There has been a great deal of evolution in piston design over the years, in which a large number of usually small development steps have given us some really beautiful components. If we are to describe a modern racing piston, we would probably be safe to say it is an aluminium component with a ‘slipper’ skirt, having ribs joining the piston pin bosses to each other and then to the relatively unsupported lateral areas of the crown. This is pretty much the state of the art at the moment, arrived at by improvements in manufacturing technology and by doing lots of hard work testing small incremental changes. Skirts are now very minimal, in an attempt to reduce friction.
However, a couple of new structural concepts that depart quite strikingly from the usual designs have been developed by prominent piston companies, and both are very different from each other. The first, developed by a US piston company, is a skeletal design that ‘ties’ the skirt to the pin bosses more firmly. The middle part of the skirt, which is generally not well controlled relative to the pin boss, is now connected to the pin bosses by bringing the usual webs closer to the piston centreline. The pin bosses are tied to the lateral areas of the crown by very deep ribs, and these in turn are connected to both the skirt and each other by a circumferential ‘stringer’.

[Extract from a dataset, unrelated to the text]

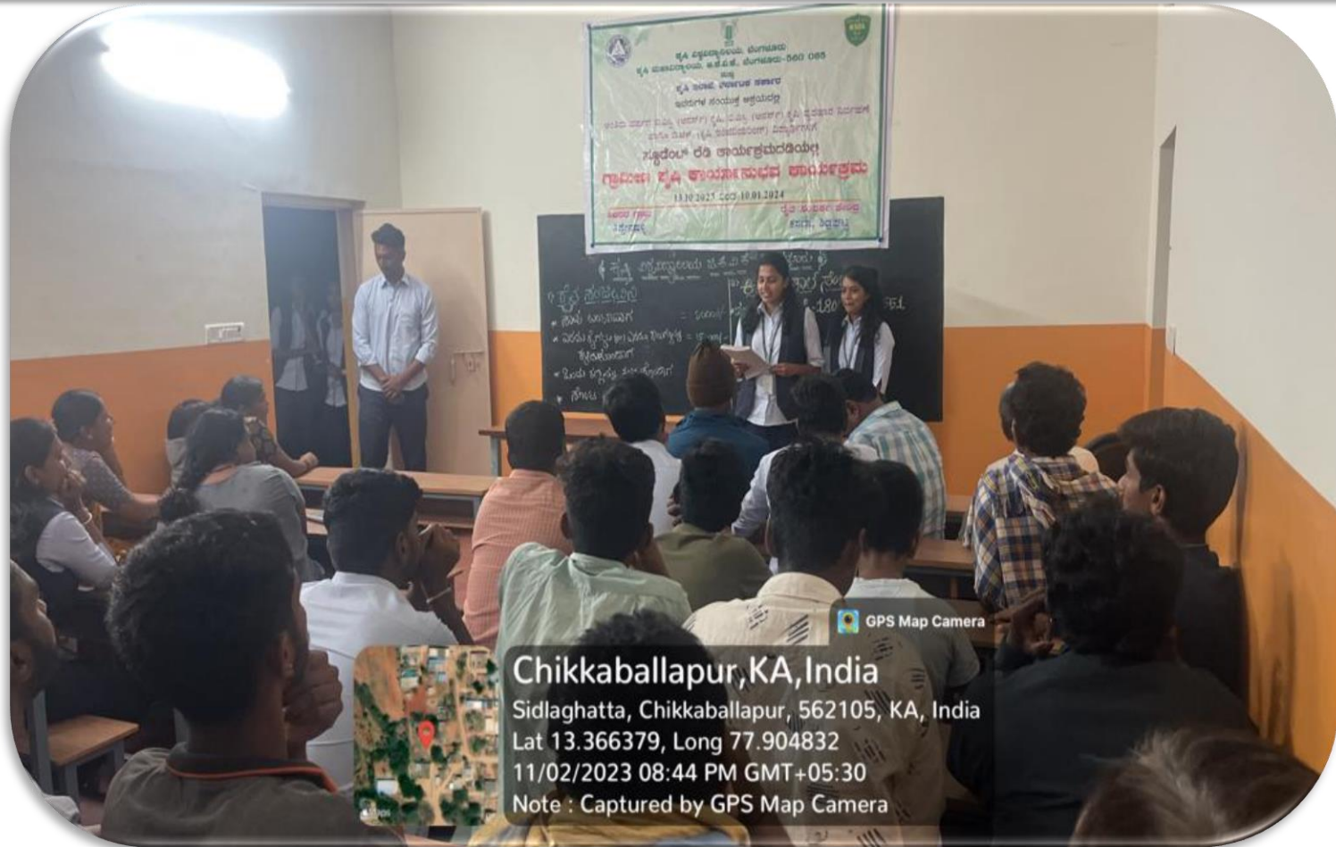
Importance of Raita sanjeeveni

It certainly looks a very stiff design, and it is perhaps easier to describe the piston as a very modern take on a slipper piston, but using modern machining techniques to take weight away where it is not required. The company cites improved stiffness and fatigue among the findings of initial testing.
The second concept comes from a UK piston supplier which has gone in the opposite direction, seeking instead to decouple the movement of the crown and the skirt as much as possible. In a conventional piston, the crown and skirt are intimately linked, and the behaviour of one affects the other. By linking both independently to the pin bosses and removing any real stiffness between the crown and skirt, both are free to move without affecting the deformation of the other.
So, under combustion and inertia loads, the skirt is no longer pushed and pulled by the crown. Consequently the skirt profile can be optimised for this, and it has been found that the skirt area can safely be reduced by a significant amount, and this has led to reduced friction. Skirt lubrication is also likely to be improved compared to a standard piston design as there is much more access for oil to lubricate the skirt-to-liner contact as the piston rises from bottom dead centre.
It is interesting to note that both of these suppliers have noted significant, although different, improvements from their new concepts. By straying from the well trodden development path, both have found new areas of performance to explore. We are likely to see both concepts become commercially available in the near future.